В Шереметьево его встречал сам Борис Иванович Антонов, который настоял на том, чтобы, несмотря на выходной, заехать в офис и оставить документы там. Дима не спорил.

Уже на следующий день закипела работа. В полдень его попросили зайти к Гасанову.

– Здравствуй, дарагой, – сказал он, приобняв Диму. Казалось, от избытка чувств у Гасанова усилился акцент. – Ай, как хорошо, что ты вернулся! Мы тут без тебя савсэм не можем! Я наконец договорился с Крупениным о покупке его алюминиевого завода, а оформить сделку некому. Так что вот тебе документы, приступай. Покупку оформишь на Просперити.

Вот это да! Кто же в России не знает, хотя бы в общих чертах, как давно Гасанов пытается отжать крупнейший в мире алюминиевый завод у самого богатого человека страны Сергея Крупенина?

Завод был выставлен на залоговый аукцион в 1995 году. Тогда правительство в отчаянных попытках залатать рассыпающийся бюджет решилось на распродажу жемчужин советской экономики, к тому моменту изрядно потускневших.

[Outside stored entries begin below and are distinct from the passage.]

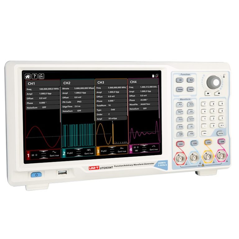 Uni-T UTG9354T là một máy phát xung, phát hàm tùy ý chuyên nghiệp kết hợp công nghệ tiên tiến Direct Digital Synthesizer (DDS). Với độ chính xác và hiệu suất cao, sản phẩm này đáp ứng tốt mọi nhu cầu đo kiểm điện tử. UTG9354T sở hữu màn hình cảm ứng lớn 10,1 inch và giao diện dễ sử dụng, giúp tăng hiệu quả làm việc và trải nghiệm người dùng.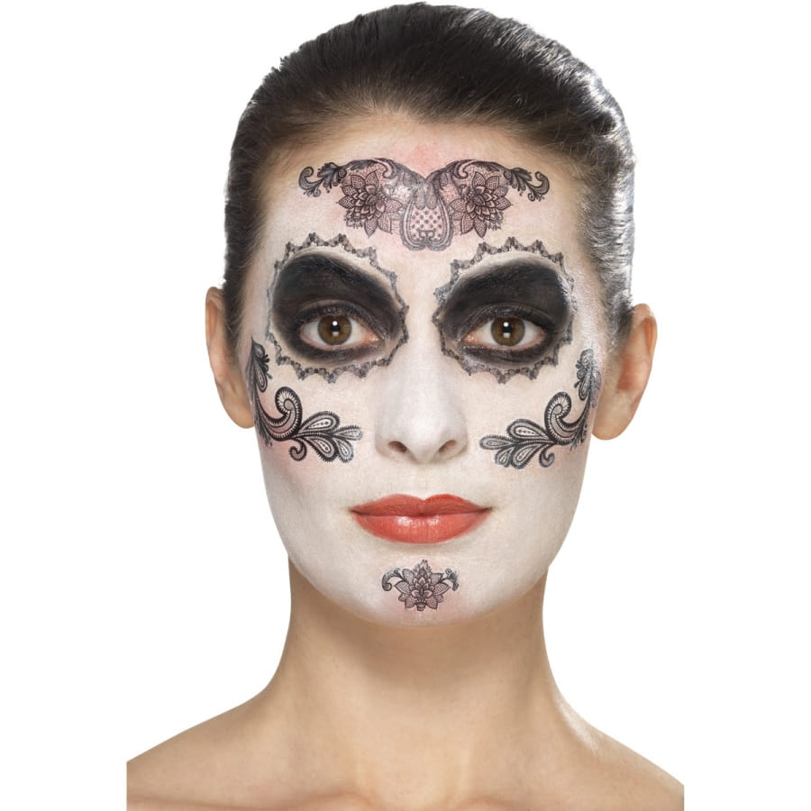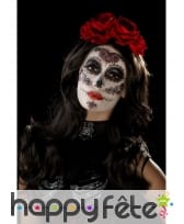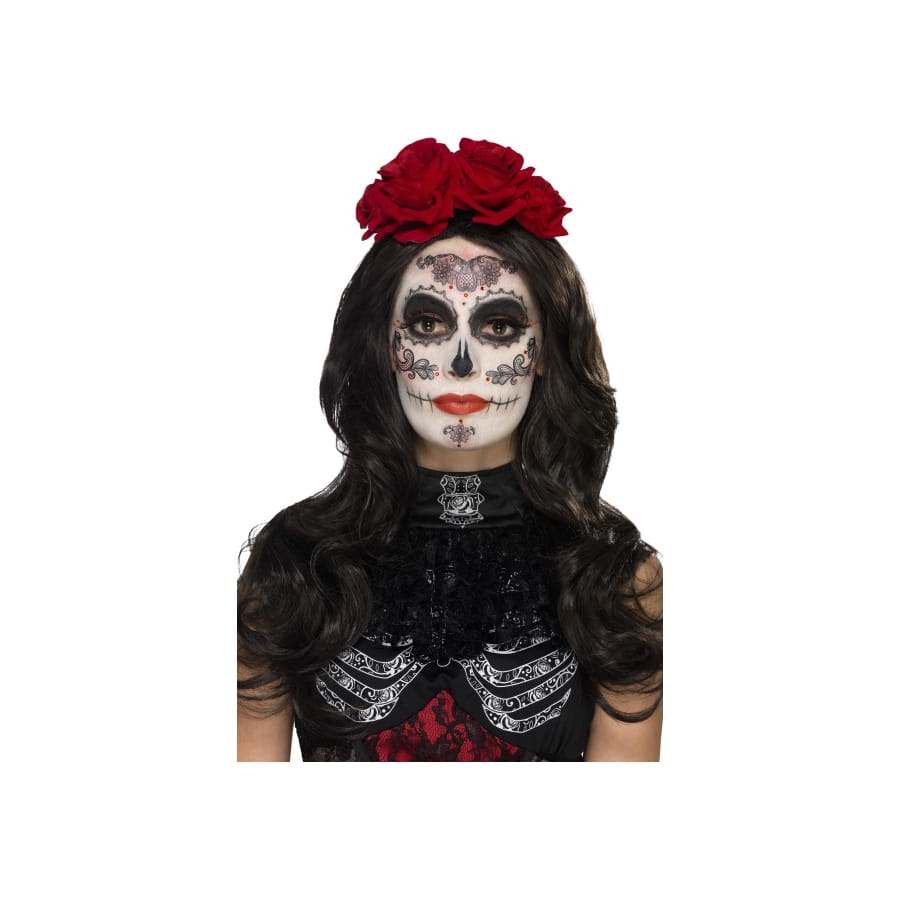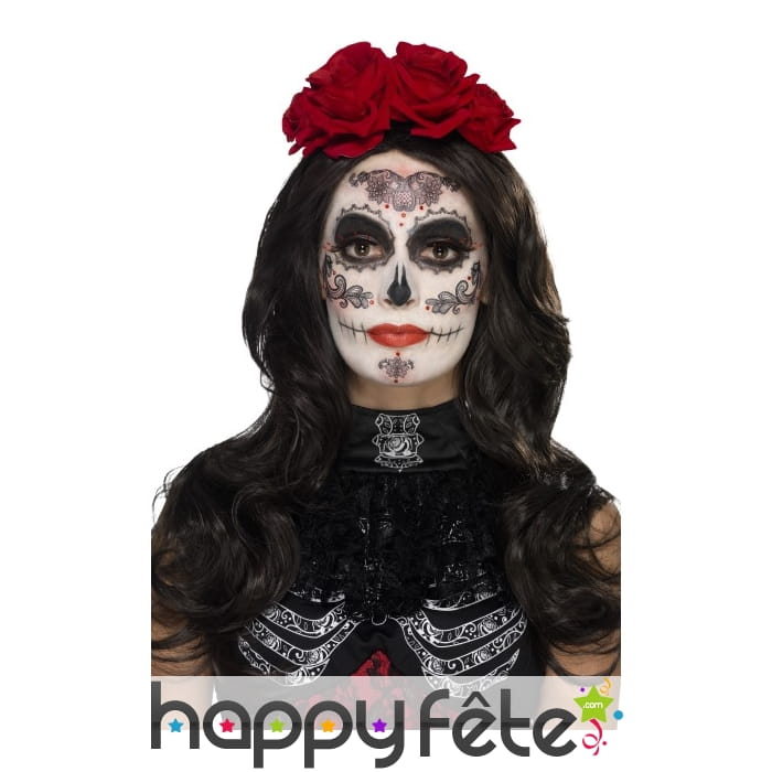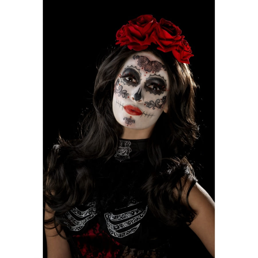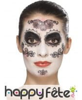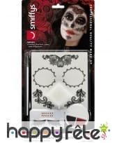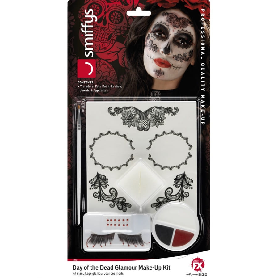 Inspirez-vous de la célébration du jour des morts au Mexique pour constituer votre déguisement d'Halloween. Pour vous faciliter la tâche, munissez-vous du kit de maquillage jour des morts glamour. Il comprend plusieurs éléments de couleur blanche et noire, indispensables pour constituer un look glamour d'Halloween. Vous disposerez de transferts à motif floral, de peinture pour visage, de faux cils, de petits bijoux de maquillage et d'un applicateur.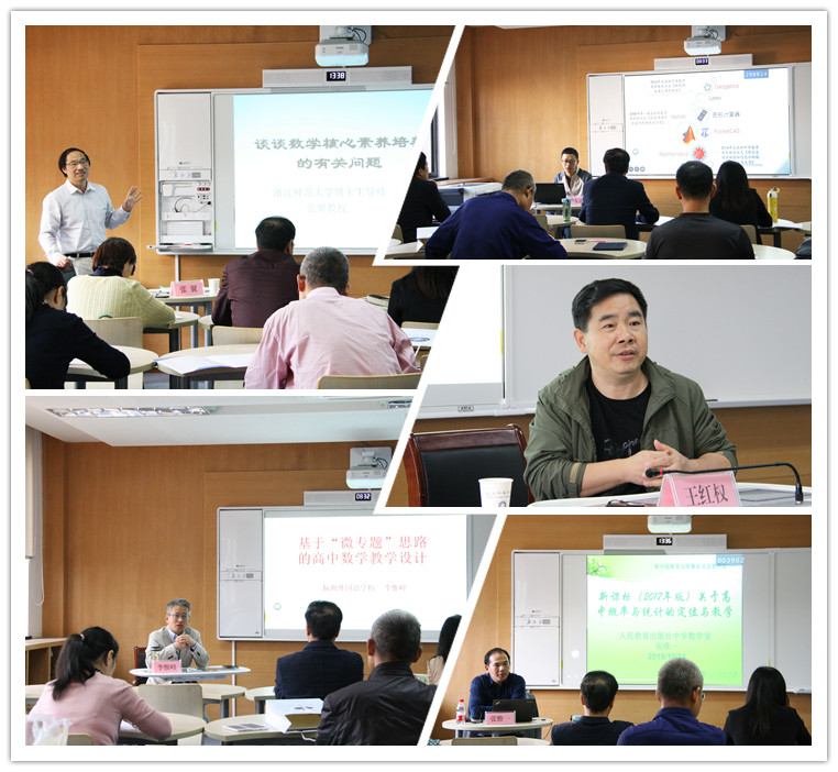 在5天的培训中,共开设5场专题讲座,6节专题研讨课。人民教育出版社中学数学室副主任张唯一老师、浙江师范大学张翼教授、杭州市普通教育研究室王红权特级教师分别作专题讲座。我校教务处主任李惟峰老师开设讲座《基于微专题思路的高中数学教学》、卢东波老师开设讲座《“信”手拈来——信息技术在数学教学中的应用》,倪瑞祥、张传鹏、徐国君、尤宁、刘晓英、朱锦娟等老师分别开出了展示课,课后还与培训老师进行了交流研讨。这些讲座和公开课的课程内容新颖,注重数学思想的渗透和教育技术的运用,富有启发性,获得全体学员好评,均反映了我校数学组教师近年来积极探索和教研的成果,并形成一个完整的育人序列,拓展了数学教学的范畴。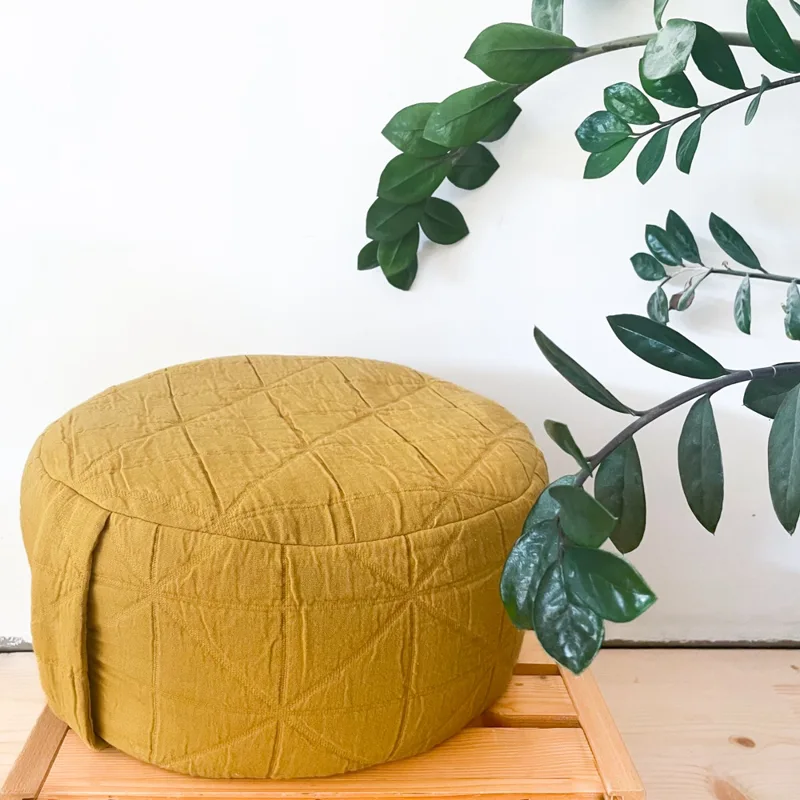 Stoff: Fürs Meditationskissen eignen sich etwas festere Stoffe, wie z.B. Canvas, Denim, Samt, Cord, schwerere Hanf- und Leinenstoffe, Wollstoffe oder die Tencel Sera Weighty Stoffe.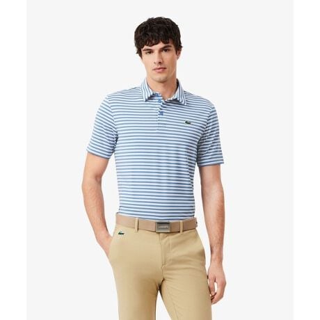 [型番:DH3187-10]クリーンな出で立ちに現代機能を備えるボーダーゴルフポロシャツ・環境保全に配慮したリサイクルポリエステル仕立てのストレッチジャージ素材・汗をかいても快適さを保つウルトラドライ機能・動きやすさと上品さを両立するレギュラーカット・クリーンなスタイルを演出する細ピッチのボーダー柄・左胸にシリコン製のワニロゴパッチ・Regular Fit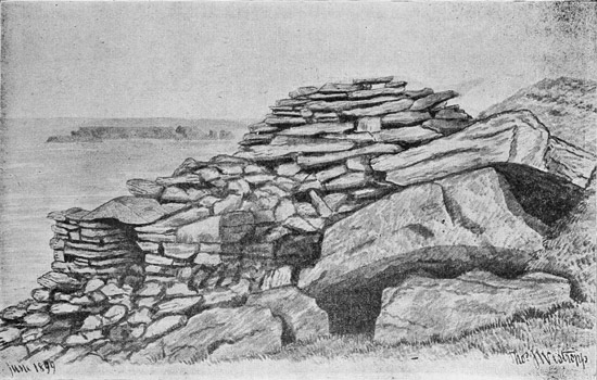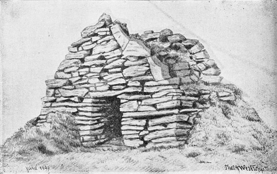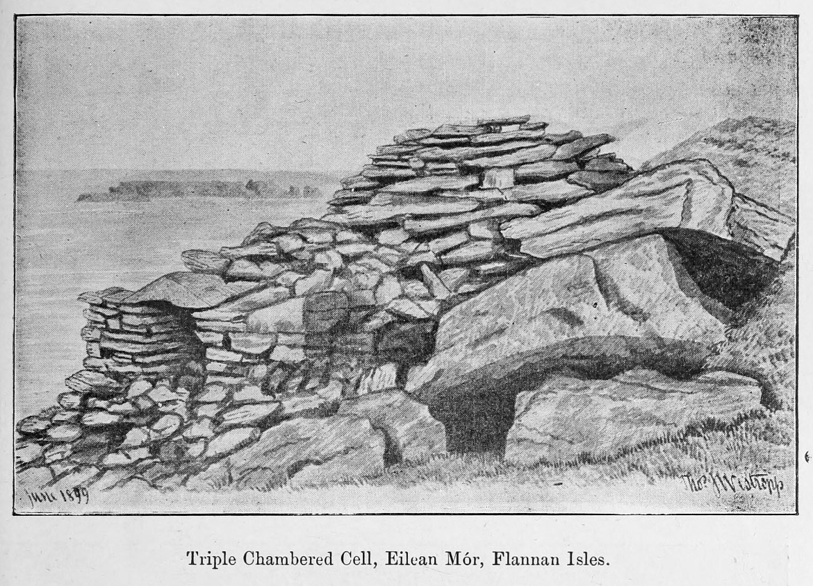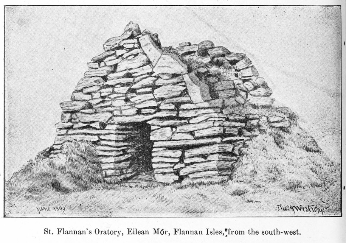 Фланнанские острова: молельня св.Фланнана на о-ве Эйлин-Мор с юго-запада. Рис. Thomas Johnson Westropp, июнь 1899 г.[тыц]

Но, дабы не травмировать чувства наивных граждан, продажу замаскировали под кредит. Формально правительство просило деньги у предпринимателей в долг под залог государственных предприятий. Кто предложит больше, тот и получает право кредитовать правительство. Но кредит оно отдавать не собиралось, поэтому через некоторое время заводы должны были перейти в собственность новых владельцев, теперь уже навечно. Понятно, что развернулась нешуточная борьба, но не совсем такая, которую ожидали молодые реформаторы, придумавшие эту оригинальную схему. Наивные люди, они думали, что покупатели начнут конкурировать и ставки вырастут, а заводы уйдут по высокой цене. Но получилось совсем не так.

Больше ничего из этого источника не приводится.